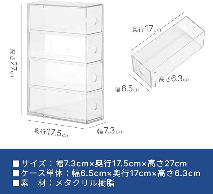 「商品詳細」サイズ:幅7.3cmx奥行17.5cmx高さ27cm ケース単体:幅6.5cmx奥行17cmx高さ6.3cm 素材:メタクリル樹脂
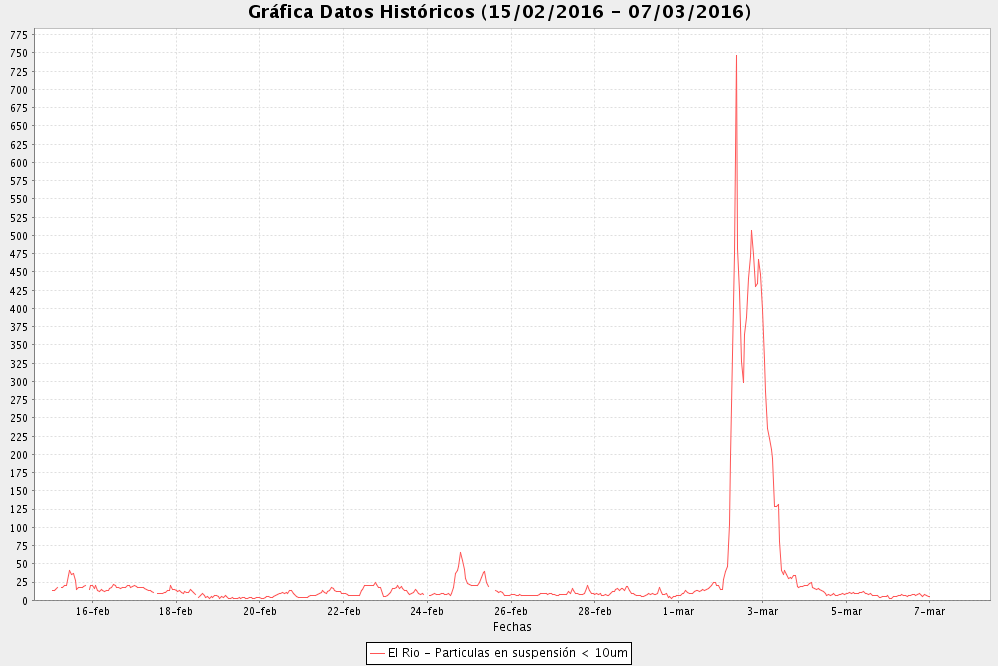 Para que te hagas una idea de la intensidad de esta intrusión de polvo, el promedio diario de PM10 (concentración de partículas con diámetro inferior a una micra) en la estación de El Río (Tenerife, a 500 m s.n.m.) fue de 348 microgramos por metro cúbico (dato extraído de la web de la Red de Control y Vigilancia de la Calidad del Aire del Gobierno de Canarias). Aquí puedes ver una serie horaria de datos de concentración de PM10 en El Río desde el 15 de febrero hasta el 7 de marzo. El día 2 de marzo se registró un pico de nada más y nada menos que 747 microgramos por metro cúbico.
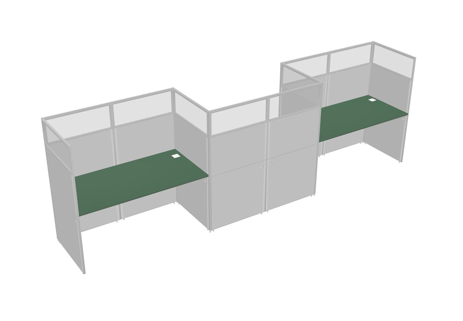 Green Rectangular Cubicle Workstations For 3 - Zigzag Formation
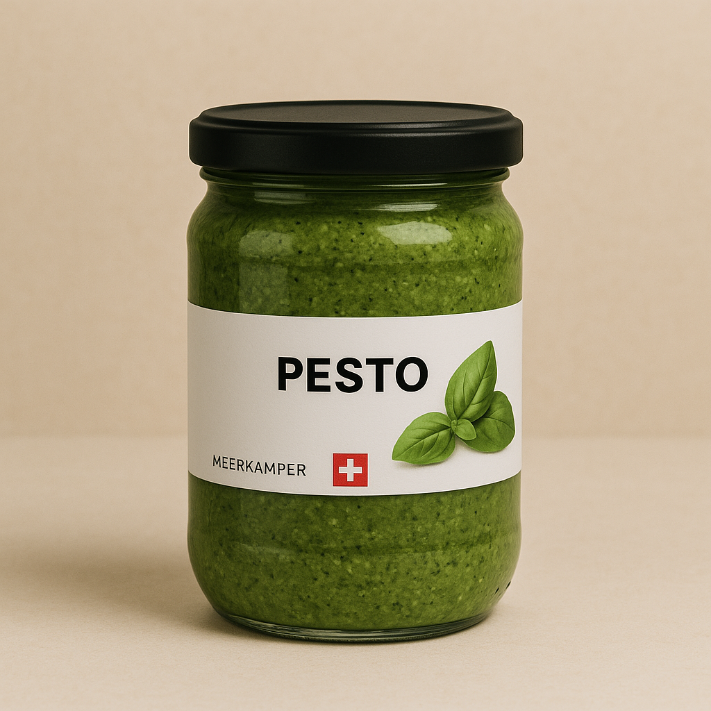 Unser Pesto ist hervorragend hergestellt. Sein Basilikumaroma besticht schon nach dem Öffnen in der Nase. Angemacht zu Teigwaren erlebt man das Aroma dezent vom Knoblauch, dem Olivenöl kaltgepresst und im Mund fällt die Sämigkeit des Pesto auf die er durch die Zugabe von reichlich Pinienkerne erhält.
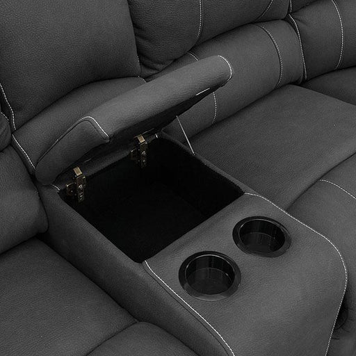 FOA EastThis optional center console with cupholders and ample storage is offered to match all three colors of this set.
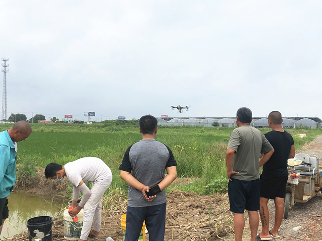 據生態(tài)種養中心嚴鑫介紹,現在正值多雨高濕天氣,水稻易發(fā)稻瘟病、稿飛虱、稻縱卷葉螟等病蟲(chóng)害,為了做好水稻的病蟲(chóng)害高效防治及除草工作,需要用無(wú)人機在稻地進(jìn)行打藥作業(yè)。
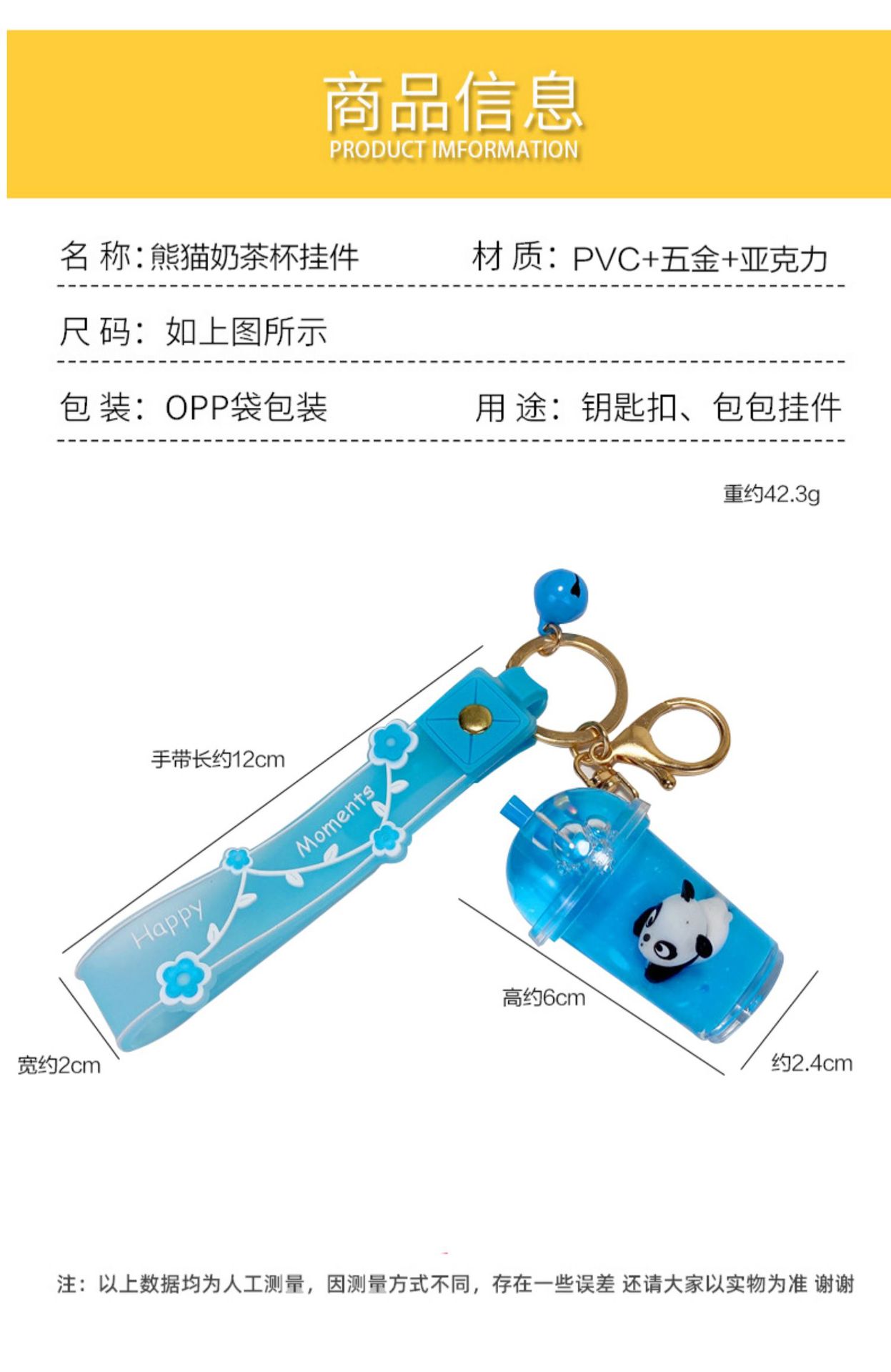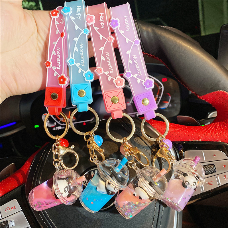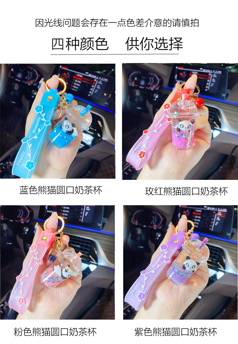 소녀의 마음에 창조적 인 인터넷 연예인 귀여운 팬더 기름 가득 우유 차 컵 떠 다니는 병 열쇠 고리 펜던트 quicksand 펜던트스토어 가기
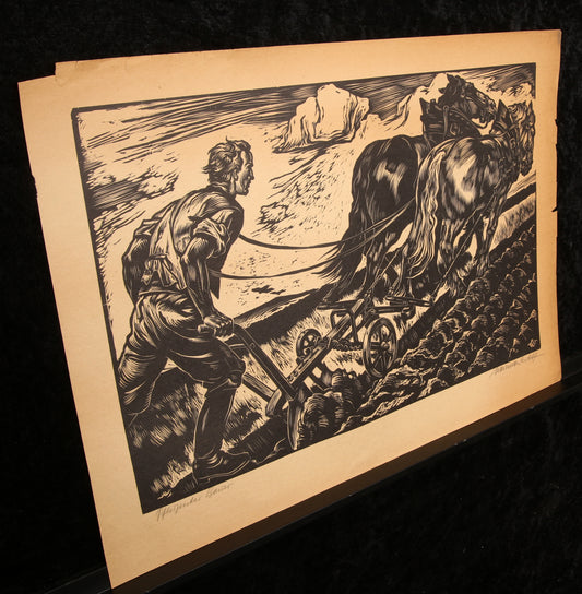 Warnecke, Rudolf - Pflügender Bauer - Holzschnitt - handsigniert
********
**What you will do:** Pictures must be left out. Repeat exactly the lines from the one containing "FOA EastThis optional" through the final line of the data.

**Finished task:**
 FOA EastThis optional center console with cupholders and ample storage is offered to match all three colors of this set.
 據生態(tài)種養中心嚴鑫介紹,現在正值多雨高濕天氣,水稻易發(fā)稻瘟病、稿飛虱、稻縱卷葉螟等病蟲(chóng)害,為了做好水稻的病蟲(chóng)害高效防治及除草工作,需要用無(wú)人機在稻地進(jìn)行打藥作業(yè)。
 소녀의 마음에 창조적 인 인터넷 연예인 귀여운 팬더 기름 가득 우유 차 컵 떠 다니는 병 열쇠 고리 펜던트 quicksand 펜던트스토어 가기
 Warnecke, Rudolf - Pflügender Bauer - Holzschnitt - handsigniert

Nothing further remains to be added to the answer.